The Impact of Supply-side Subscriptions on the Gig Economy
Two-sided gig economy platforms face persistent challenges in retaining a reliable supplier base, aligning service provider availability with customer demand, and mitigating moral hazard. One emerging response is supply-side subscription models, where providers pay a fixed fee in exchange for reduced commissions and priority access to jobs. We study the equilibrium impact of such a model using data from a major Indian at-home services platform that shifted from a pure commission scheme to a two-part tariff in one focal category, while maintaining commission-only pricing in five control categories. The new scheme combines a monthly subscription fee with a lower per-job commission and preferential assignment for subscribed providers. Using a census of transactions, assignments, subscription choices, and provider histories, we construct weekly market-level aggregates for 36 city--category markets over 58 weeks and estimate the impact of the program with a synthetic differences-in-differences design. The subscription program induces substantial supply-side sorting: the active provider base in the treated category shrinks by roughly 50\%, as less loyal providers churn following the program’s introduction. At the same time, provider-related outcomes improve in aggregate: the share of active providers increases by about 9.5 percentage points, deliveries and revenue per provider rise by roughly 35--36\%, and the incidence of jobs with extra payments---a key moral hazard margin---declines by 7.7 percentage points, while average service ratings remain unchanged. On the demand side, the platform raises prices and experiences a moderate decline in job requests and fulfillment, leaving total platform revenue in the treated category approximately unchanged. Overall, supply-side subscriptions can reconfigure the provider base toward more committed providers and improve behavioral outcomes, even when they do not increase short-run platform revenues.
Bhoomija Ranjan

Bhoomija Ranjan is a Senior Lecturer of Marketing at Monash University.

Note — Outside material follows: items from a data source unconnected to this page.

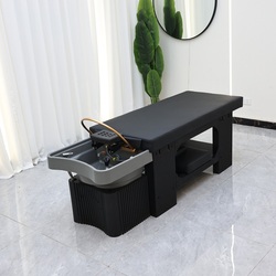 Silla de salón de belleza negra con cuenco para lavar el cabello de cuero sintético, fregadero de masaje de acoplamiento para Spa, champú para lavar el cabello, estilo japonés
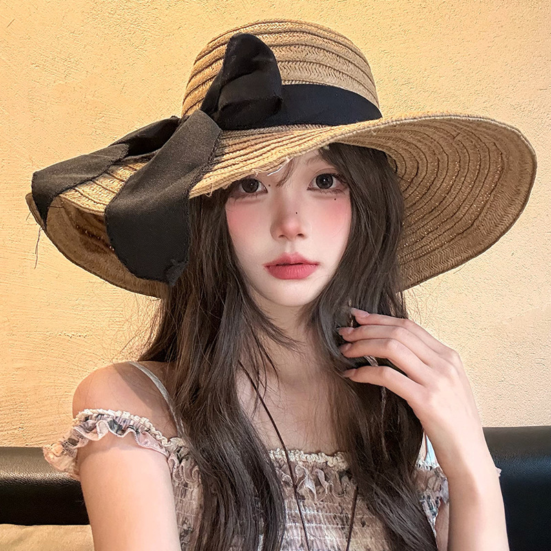 日系棉麻蝴蝶结渔夫帽子女夏季大檐防晒盆帽透气轻薄后开叉遮阳帽
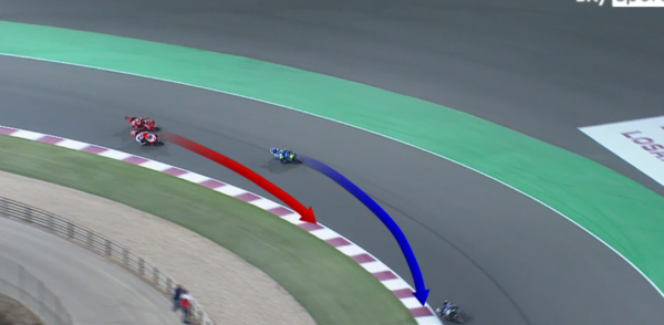 L’ERREUR DE MIR AU DERNIER VIRAGE (MONTAGE CORSE DI MOTO)[/caption] Mais Zarco et Bagnaia, nous l’avons démontré hier à bases d’images fixes capturées sur le GP, les deux Ducati ont gardé une trajo superbe au dernier virage où Mir fait un large à l’extérieur, les Ducati sont sur leur lancée à la corde, Mir a perdu le podium.Mais là, on est du côté des gens contents, en tous cas ceux qui sont sur le podium.Mais la loi mathématique est toujours cruelle, quand tu restes au pied de la stèle, tu fais la gueule alors les autres ! Revue des regrets…
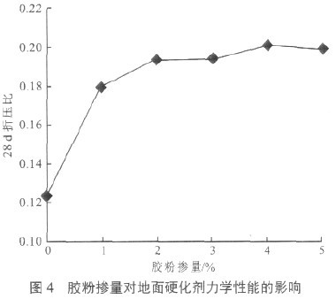 (3)如圖4所示,28d折壓比隨膠粉摻量的增加呈上升趨勢,當膠粉摻量為1%、2%時折壓比快速增長,超過3%的摻量時,折壓比增長緩慢,折壓比可提高64.5%??梢哉J為適當摻量的膠粉可明顯地改善地面硬化劑的韌性。
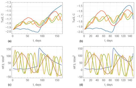 Figure 19 shows temporal evolution of the UR temperature (a,b) and the heat fluxes from the ocean to the bottom of UR (c,d). Temperature variations correspond to the changes of sea water temperature specified by Formula (21). Figure 16b and Figure 19c,d show that the heat fluxes increase with increasing of the sea water temperature below UR. Similar effects are visible in Figure 12. The UR temperature changes between −1.95 °C and −1.5 °C when the initial macro-porosity of UR is 0.2, and the surface temperature equals , , or . The UR temperature changes between −1.95 °C and −1.6 °C when the initial macro-porosity is 0.3, and the surface temperature equals , , or .
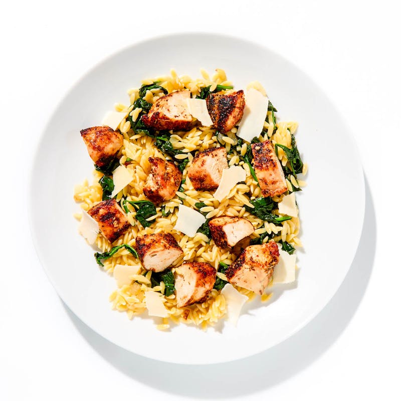 Parmesan Cheese, Canola and Olive Oil Blend, Butter, Spinach, Onion Powder, Garlic Powder, Black Pepper, Garlic, Orzo, Onion, Kosher Salt, Chicken Base, Chicken Breast, White Wine, Canola Oil, Italian Parsley, Italian Herb Seasoning, Paprika
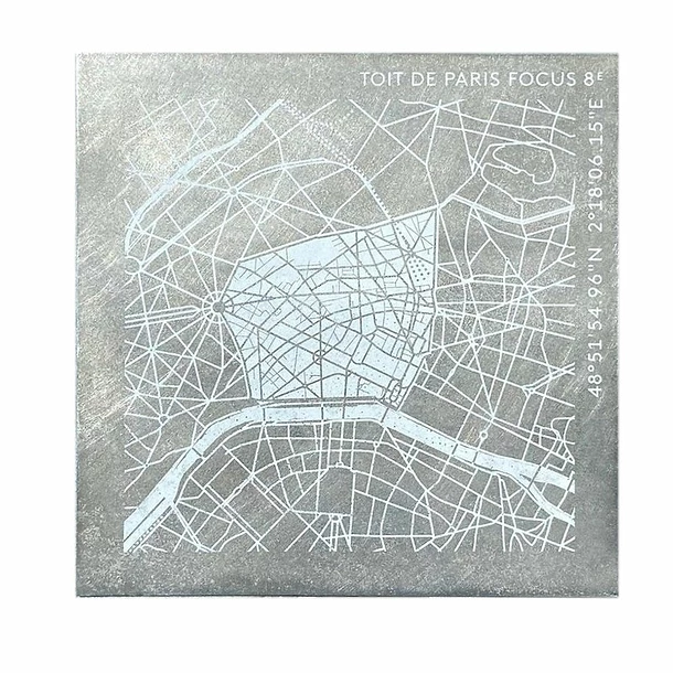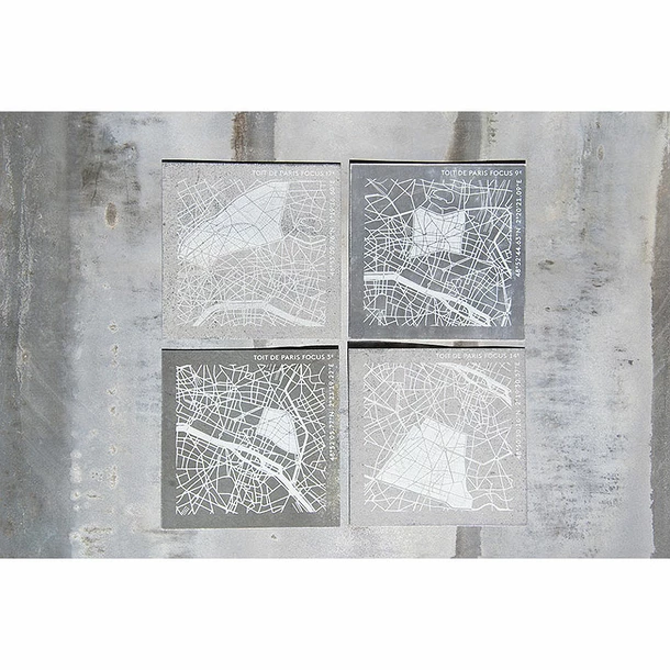 F O C U S est un morceau de toit de paris de plus d’un demi siècle. Il a été sérigraphié avec un plan focus sur son arrondissement.
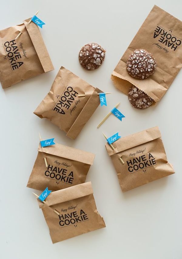 クラフト紙で出来た袋に好きなメッセージをプリント。つまようじをフラッグのように見立て、クラフト紙の口を折りたたんでつまようじで留めるだけです。ナチュラルだけどセンスを感じるラッピングがとってもオシャレですね。キッズが集まるパーティーなどではつまようじの先をカットしたり、先をステッカーなどでくるんであげるのもオススメです。シンプルな雰囲気のラッピングはまるでショップのクッキーのようです。
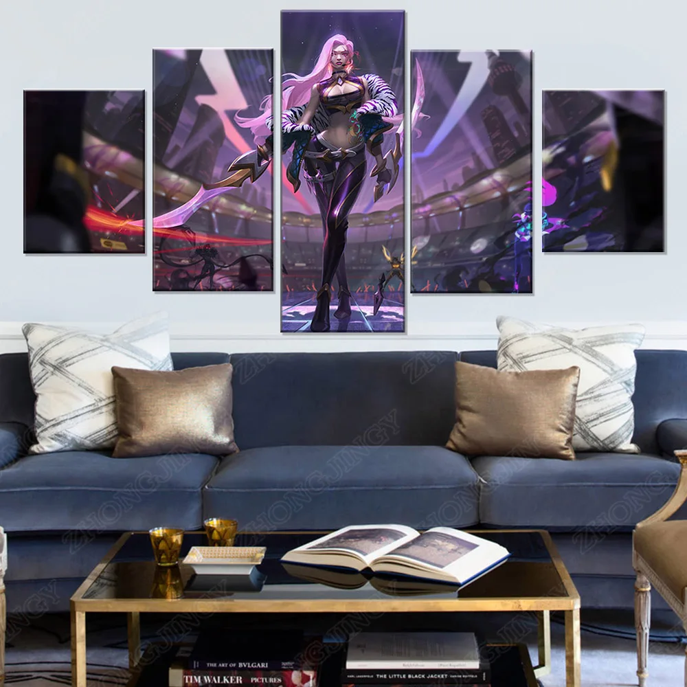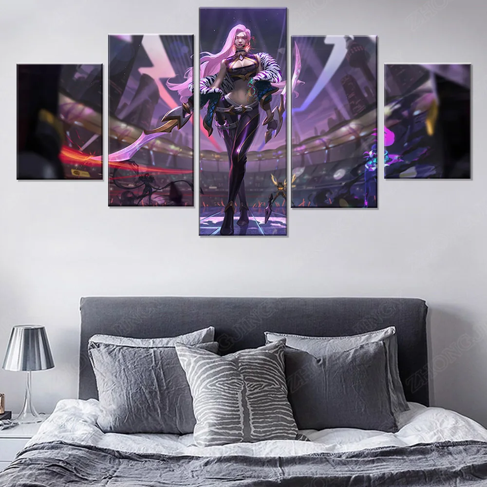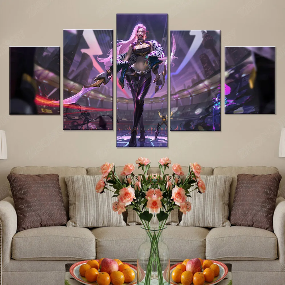 Домашний декор, настенная живопись, современные холсты, 5 панелей, Лига Легенд, KDA Катарина, картина для видеоигр, Hd-принты, плакат в рамке
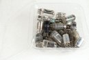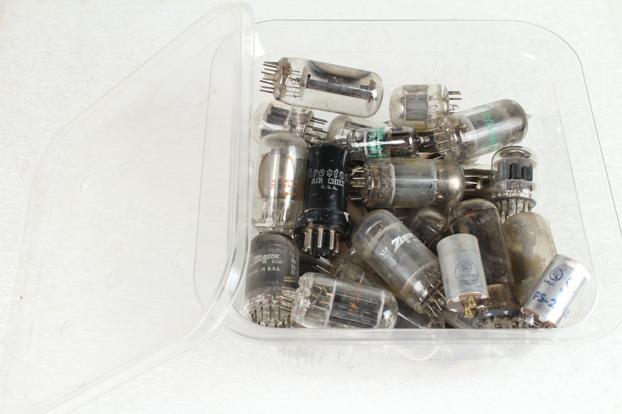 Small tub full of vacuum tubes. Did not count how many were in there but the tub measures roughly 8 x 8 x 5. None of the tubes have been tested and there are a few small flourescent ballasts in there too. No Shipping
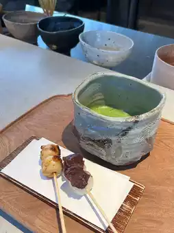 The menu is limited to a tea set, with a choice of matcha, sencha, or bancha. It comes with grilled dango and costs 500 yen.
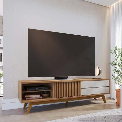 A mesma é projetada com eficiência em mente, oferecendo amplo espaço para acomodar equipamentos eletrônicos, como decodificadores, sistemas de áudio e consoles de videogame. Ela conta com compartimentos bem planejados, incluindo prateleiras abertas e fechadas, gavetas e portas de correr, para organizar seus acessórios de maneira discreta e prática. Além disso, algumas versões possuem soluções para gerenciamento de cabos, mantendo o ambiente livre de fios visíveis.

She received her PhD and MS in Business Administration from the University of Rochester. Dr. Ranjan's research primarily focuses on understanding how firms and individuals make decisions through quantitative modeling techniques. Her research spans retail, advertising and digital platforms. Her work integrates econometric modelling with strategic insights, examining diverse topics such as retail advertising, geospatial competition and economics of digital platforms. She has published in leading journals including the Journal of Marketing Research and the Journal of the Academy of Marketing Science.